▶ **Supplied information**:
• • •

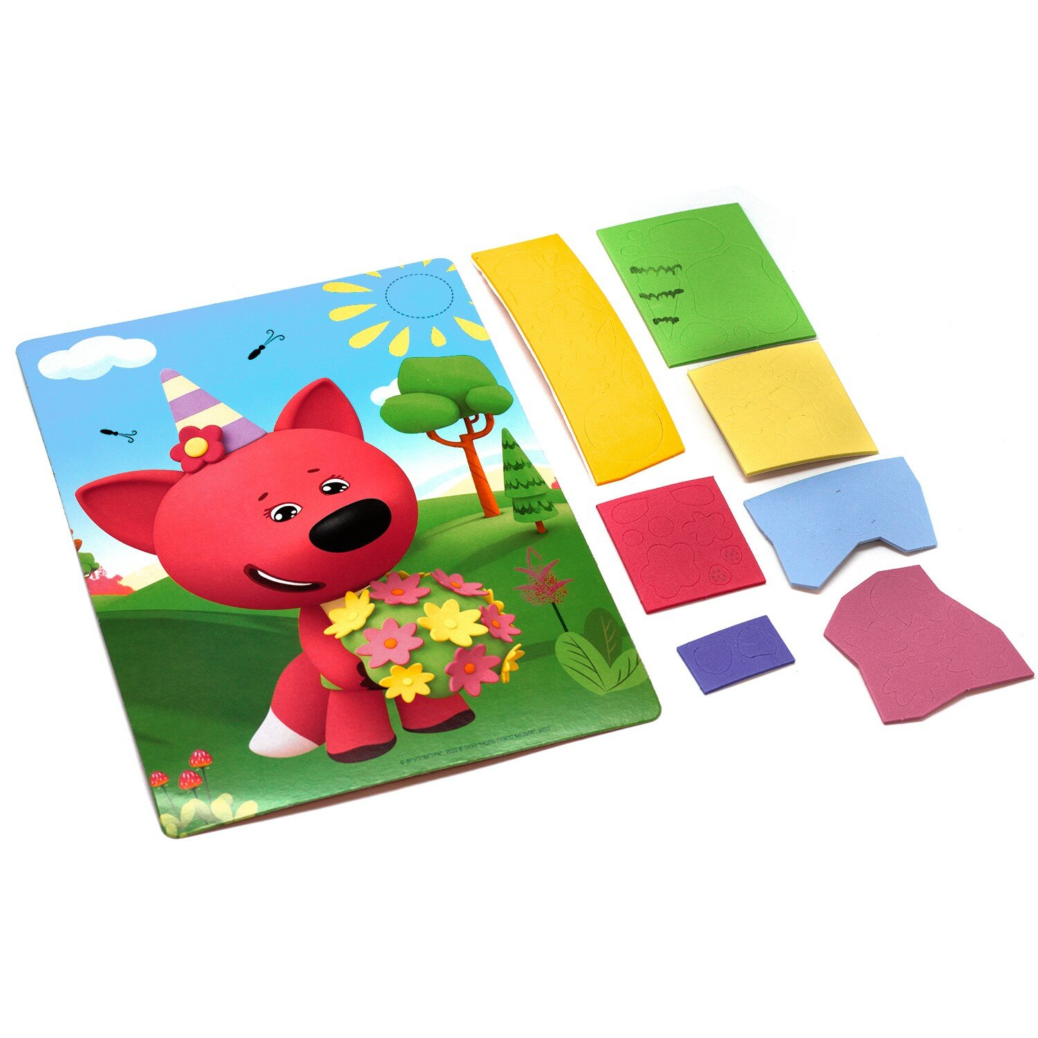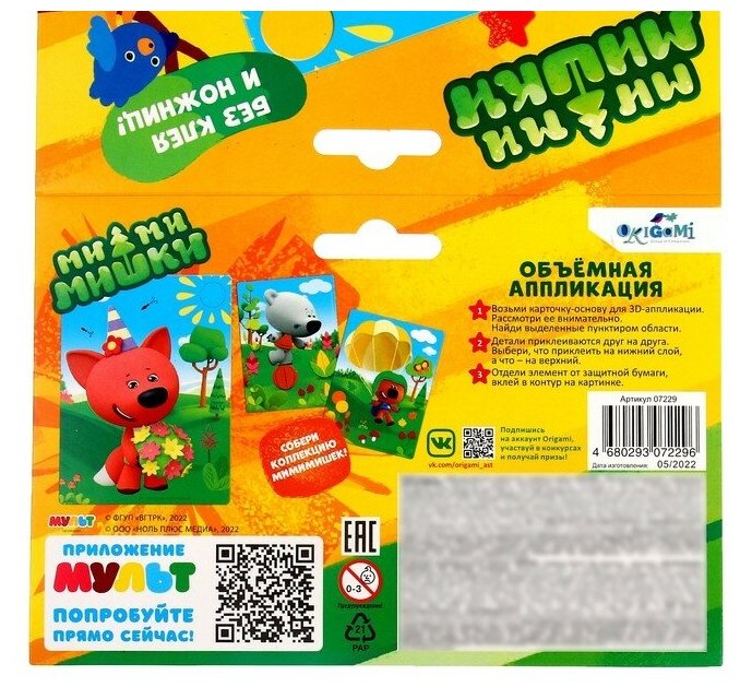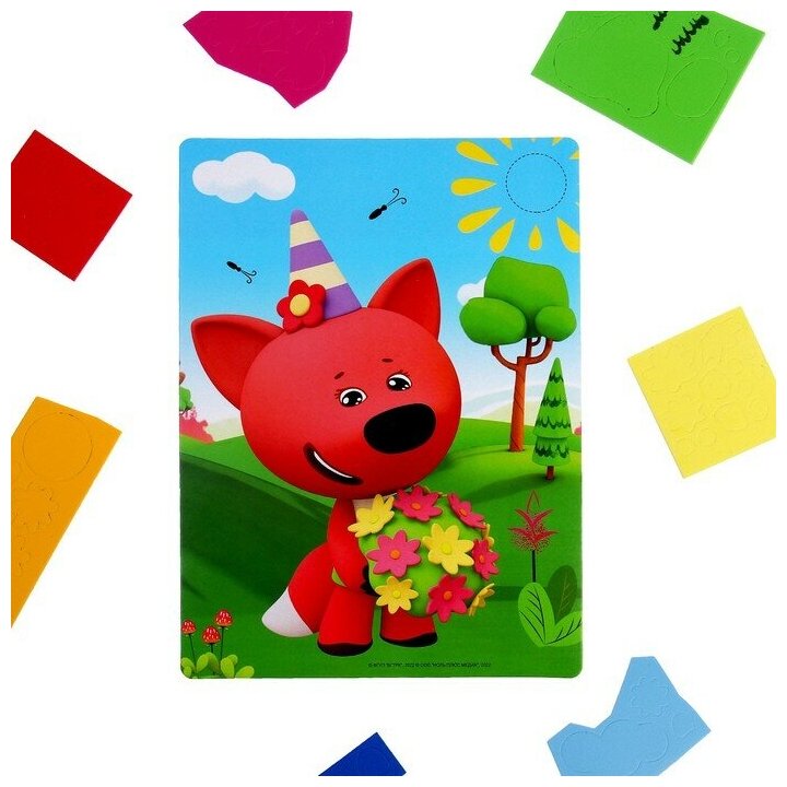 Любимые герои мультфильма "МиМиМишки" приглашают юных друзей сделать яркую 3D-аппликацию из мягкого материала EVA! В наборе есть всё необходимое для создания поделки: картинка-основа из картона и мягкие самоклеящиеся детали 7 цветов. Наклейте детали на картинку в несколько слоев по пунктирным линиям. Такое увлекательное и полезное занятие отлично развивает пространственное мышление, логику и мелкую моторику. А готовой работой можно украсить детскую комнату.
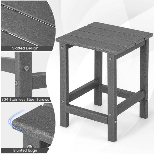 This outdoor side table will be a perfect mate for your Adirondack chair! With its 46.99cm appropriate height, this end table fits your chairs and sofas perfectly. And the square tabletop is capable of accommodating the needed items for easy access. What's more, the premium HDPE material makes this outdoor Adirondack table weather-resistant, fade-resistant, sun-protective and waterproof to withstand outdoor changing weather better. Meanwhile, it is recyclable as well to protect our future. Furthermore, this patio side table does not need painting, staining, waterproofing or other maintenance. Just clean it with water or soap.
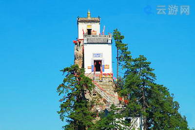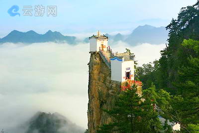 登塔云观奇景,绝妙处在金顶。金顶就是观音殿。这座不足六平方米的小庙,建筑十分险厄。它居于塔云山顶,三面悬于万丈深渊,是用四根石柱插入石缝,用石条铺垫立基,庙顶用黄铜铸尖。旅游攻略http://www.yuANyoukE.cOM
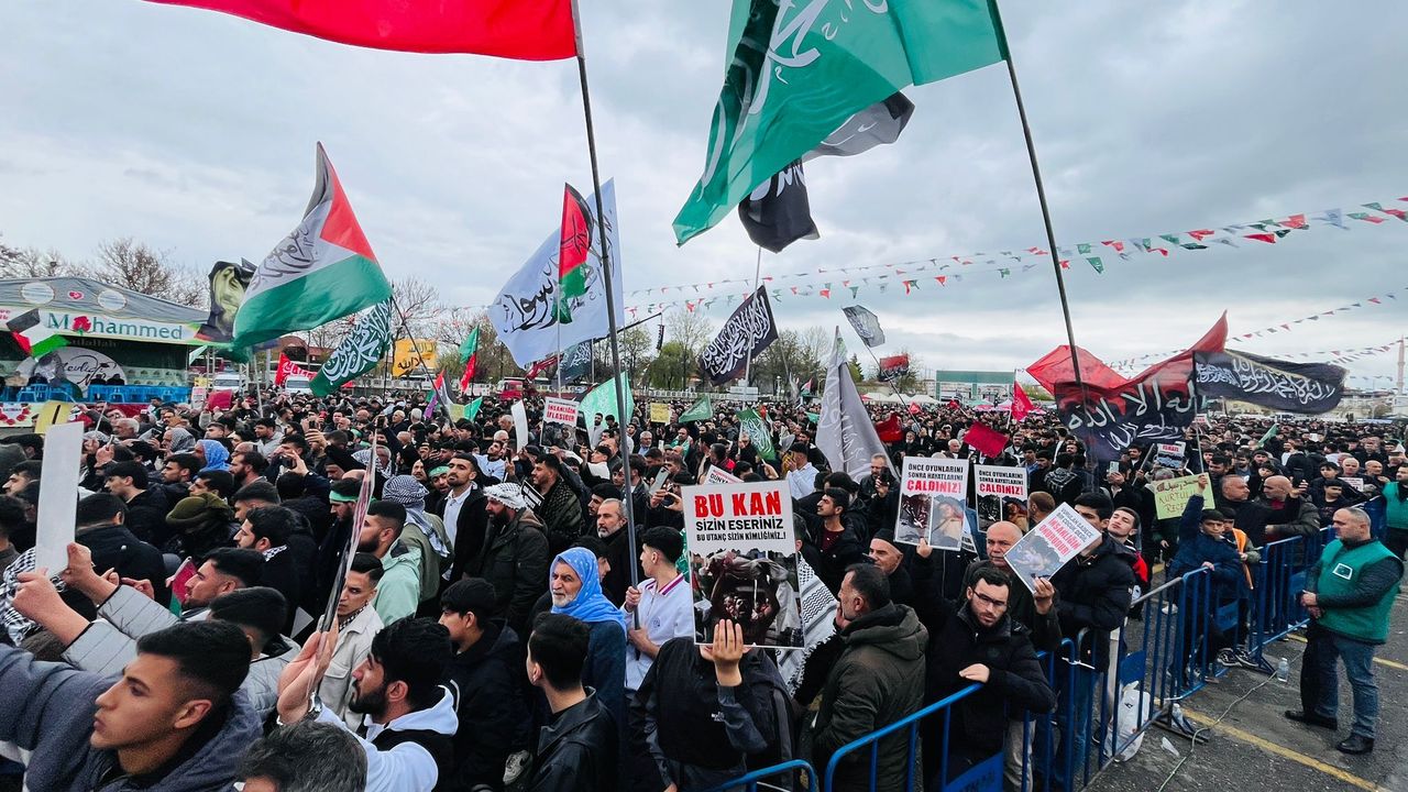 Yağmurlu havaya aldırmadan alanı dolduran Peygamber aşığı Batmanlılar büyük bir coşkuyla salavatlara, tekbirlere, ilahilere eşlik ediyor, ellerindeki tevhit bayraklarını sallayarak Peygamber Aleyhisselama olan sevdalarını dile getiriyorlar.

• • •

▶ **Exercise instructions**:
Print the material above word for word, and keep the pictures out of it.

▶ **Written reply**:
 Любимые герои мультфильма "МиМиМишки" приглашают юных друзей сделать яркую 3D-аппликацию из мягкого материала EVA! В наборе есть всё необходимое для создания поделки: картинка-основа из картона и мягкие самоклеящиеся детали 7 цветов. Наклейте детали на картинку в несколько слоев по пунктирным линиям. Такое увлекательное и полезное занятие отлично развивает пространственное мышление, логику и мелкую моторику. А готовой работой можно украсить детскую комнату.
 This outdoor side table will be a perfect mate for your Adirondack chair! With its 46.99cm appropriate height, this end table fits your chairs and sofas perfectly. And the square tabletop is capable of accommodating the needed items for easy access. What's more, the premium HDPE material makes this outdoor Adirondack table weather-resistant, fade-resistant, sun-protective and waterproof to withstand outdoor changing weather better. Meanwhile, it is recyclable as well to protect our future. Furthermore, this patio side table does not need painting, staining, waterproofing or other maintenance. Just clean it with water or soap.
 登塔云观奇景,绝妙处在金顶。金顶就是观音殿。这座不足六平方米的小庙,建筑十分险厄。它居于塔云山顶,三面悬于万丈深渊,是用四根石柱插入石缝,用石条铺垫立基,庙顶用黄铜铸尖。旅游攻略http://www.yuANyoukE.cOM
 Yağmurlu havaya aldırmadan alanı dolduran Peygamber aşığı Batmanlılar büyük bir coşkuyla salavatlara, tekbirlere, ilahilere eşlik ediyor, ellerindeki tevhit bayraklarını sallayarak Peygamber Aleyhisselama olan sevdalarını dile getiriyorlar.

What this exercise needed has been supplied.